— Instructions for the task —
Exactly the lines from the beginning of the records to the line with "6月30日,使节们在低空经济展区驻足观看。(中国航天科技集团供图)", both ends included, are to be given again, and pictures are to be left out.

Data entries:
--------
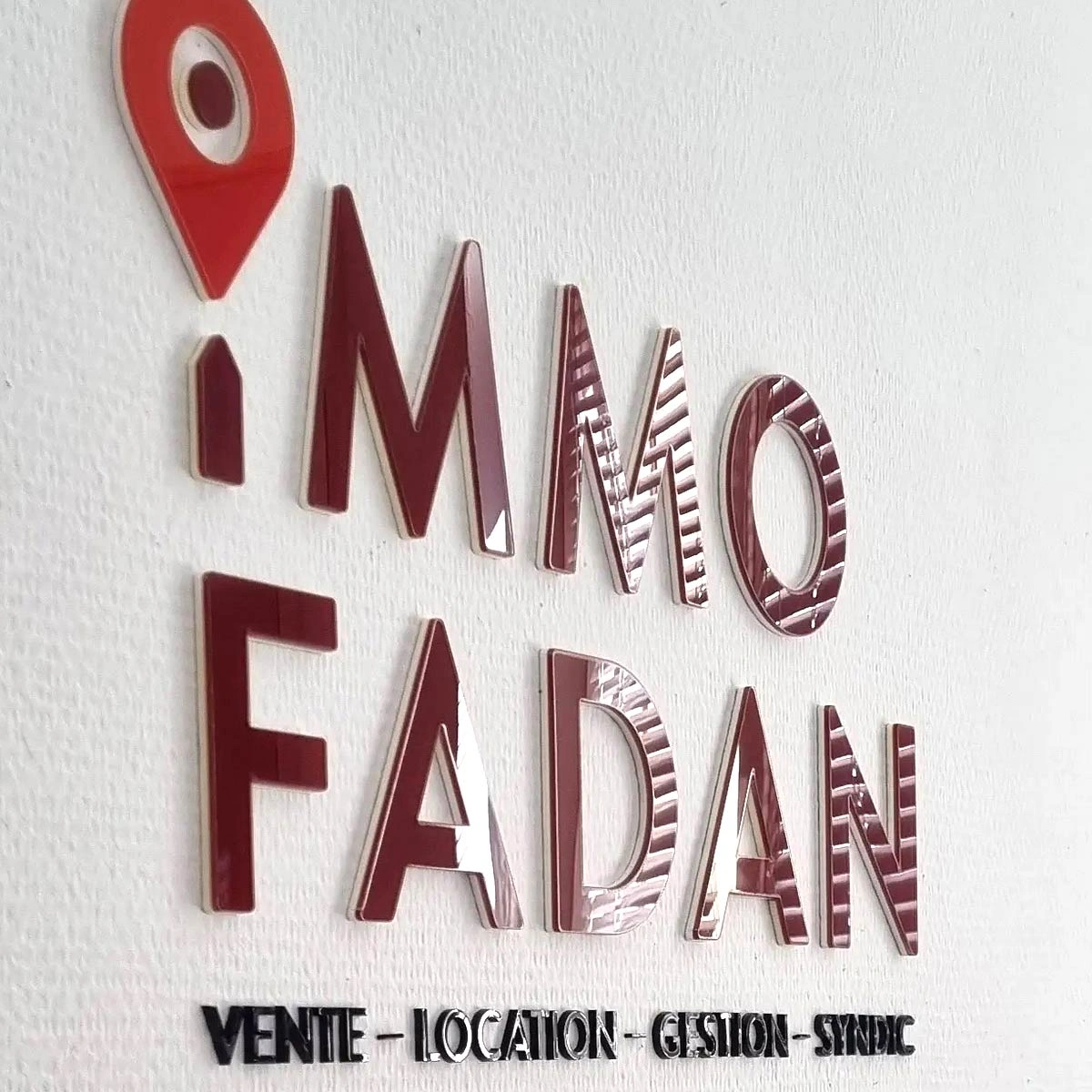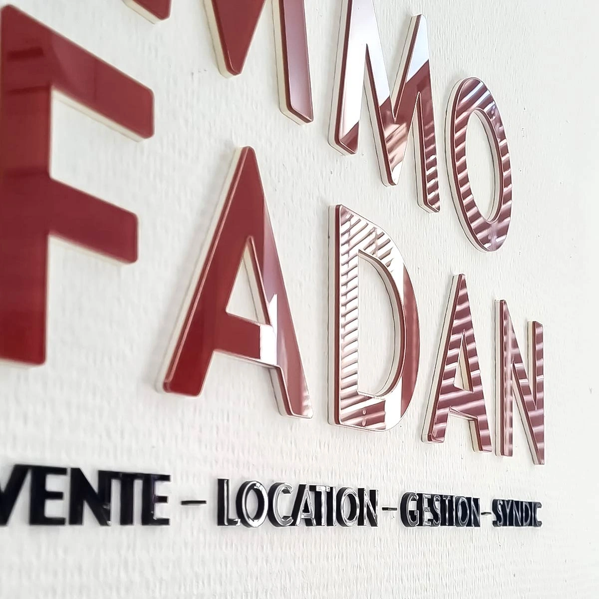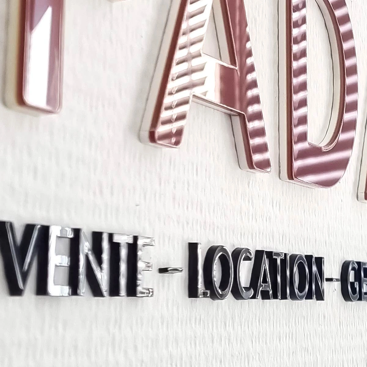 Lettrage en plexiglas imprimé et découpé, accompagné d’une enseigne équipée d’un éclairage rasant LED avec une portée de deux mètres.
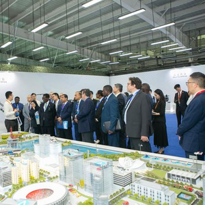 6月30日,使节们在低空经济展区驻足观看。(中国航天科技集团供图)
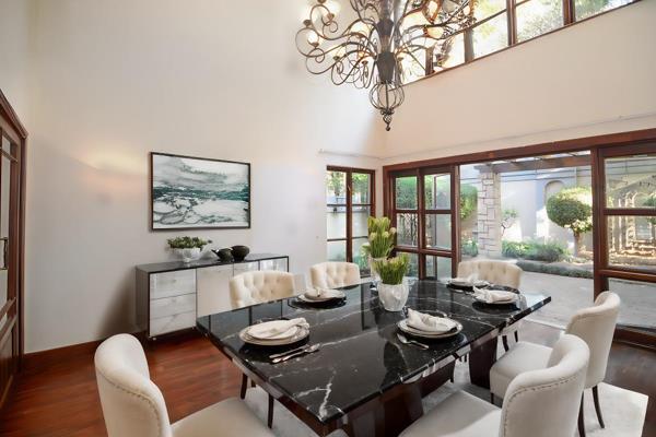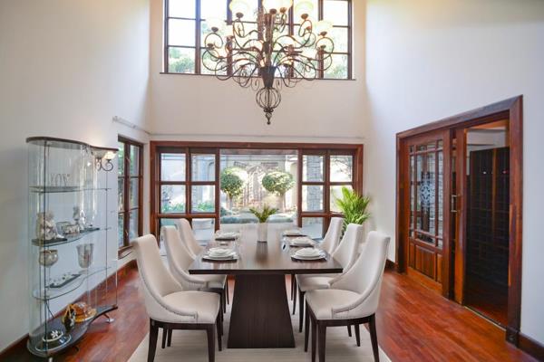 Upon entering through the grand wooden door, you''ll be welcomed by an impressive double-volume foyer The open-plan layout of the kitchen and family room flows effortlessly into the other expansive living areas on the lower level. Here, you''ll find a formal lounge with a charming fireplace, a sun-drenched breakfast room, a dining room featuring a wine cellar, and a covered patio equipped with a built-in gas braai. Large wood and glass doors throughout the home provide the flexibility to create either an open or more formal environment as desired. The kitchen is beautifully appointed with granite countertops, a gas hob with an electric oven, and an extended pantry and scullery area. The backyard also offers a delightful space suitable for a herb garden.
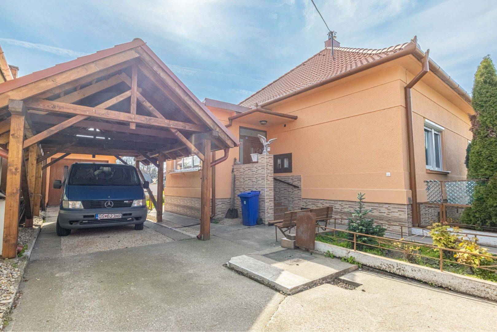 Rodinný dom má celkovú úžitkovú plochu 120 m2, garáž má výmeru 20 m2. Nehnuteľnosť sa nachádza na dostatočne veľkom a krásne upravenom pozemku o výmere 837 m2.
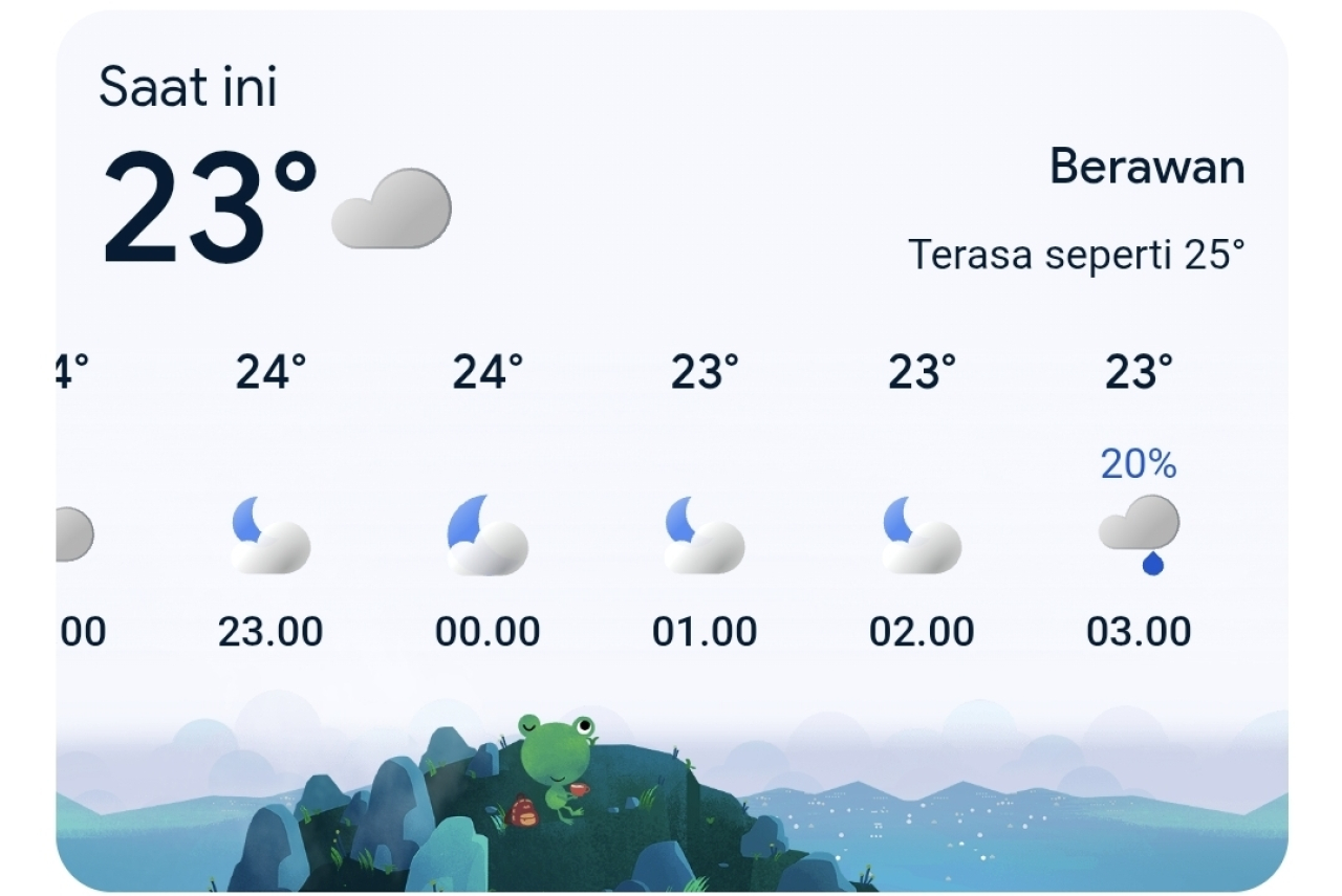 Memasuki pagi hingga menjelang siang, suhu udara diprediksi meningkat secara bertahap dari 25 hingga 28 derajat Celsius. Pada rentang waktu pukul 11.00 hingga 13.00 WIB, mulai terdapat potensi hujan ringan dengan peluang berkisar 20 hingga 30 persen.
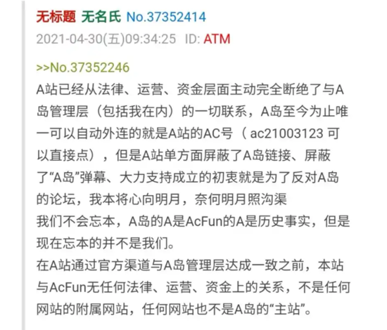 因此2021年4月,ATM正式在岛内发文称,A站已从资金、法律、运营等层面完全断绝了与A岛管理层的一切联系,甚至在站内屏蔽了“A岛”相关链接和弹幕
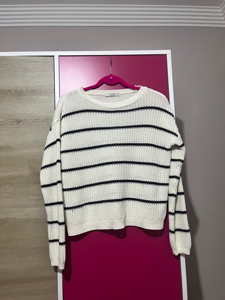 Kadınlar için gevşek kesim, uzun kollu ve yuvarlak yakalı örgü kazak. Çizgili deseniyle günlük kullanıma uygundur.
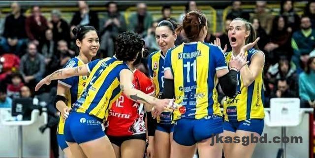 本场比赛,圣乔瓦尼队从客场作战伊始便展现了极强的求胜欲。首局比赛,球队迅速进入状态,进攻端多点开花,以25比17先拔头筹,为整场比赛奠定了良好的基调。第二局成为了全场的转折点与高潮,双方展开了激烈的拉锯战,比分交替上升,场面一度十分胶着。在这一关键局中,圣乔瓦尼队展现出了顽强的韧性,最终以32比30惊险拿下,这一局的胜利极大挫伤了对手的士气。手握两局优势的圣乔瓦尼队在第三局彻底释放,攻势如潮,以25比13锁定胜局,最终实现零封对手。
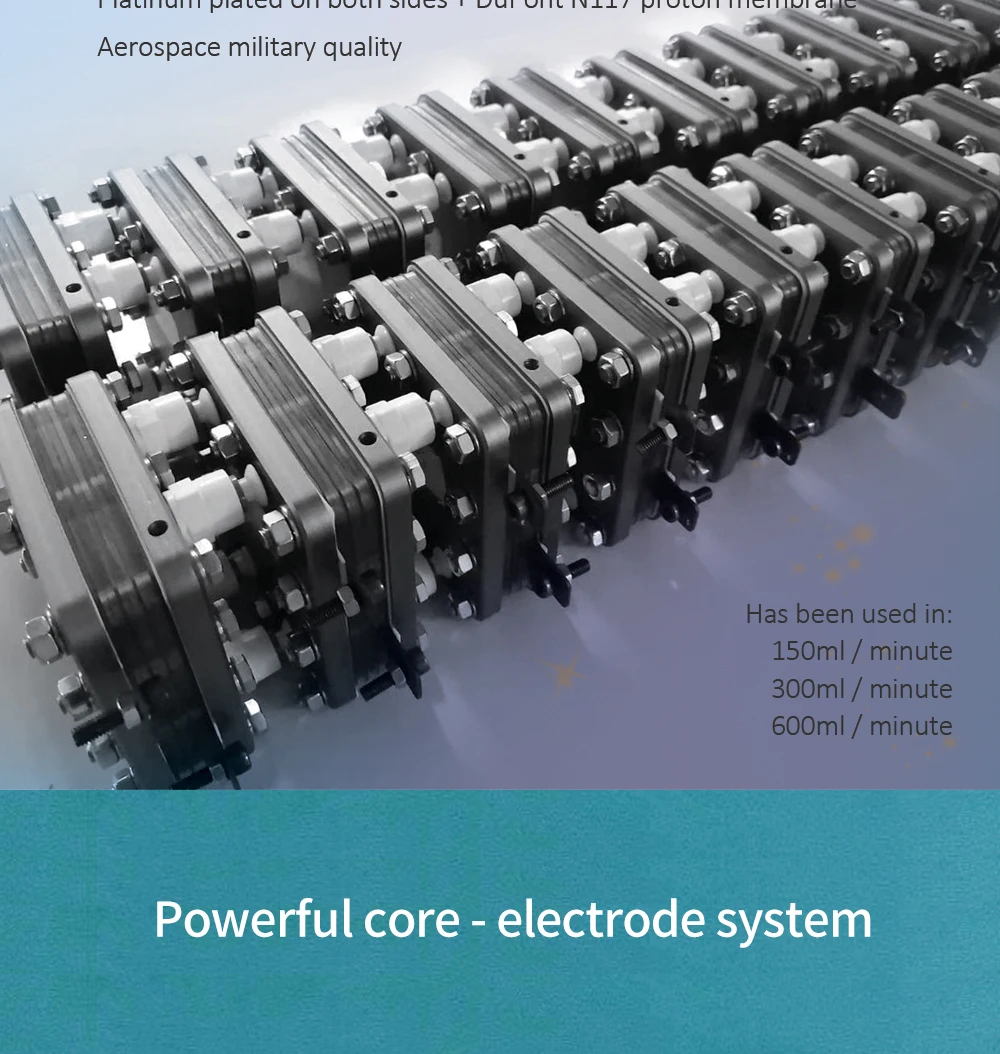 • Новейший SPE (твердая поли электролитическая технология) + PEM (протонно-обменная мембрана) двухкамерный раствор.
--------
— Task output —
 Lettrage en plexiglas imprimé et découpé, accompagné d’une enseigne équipée d’un éclairage rasant LED avec une portée de deux mètres.
 6月30日,使节们在低空经济展区驻足观看。(中国航天科技集团供图)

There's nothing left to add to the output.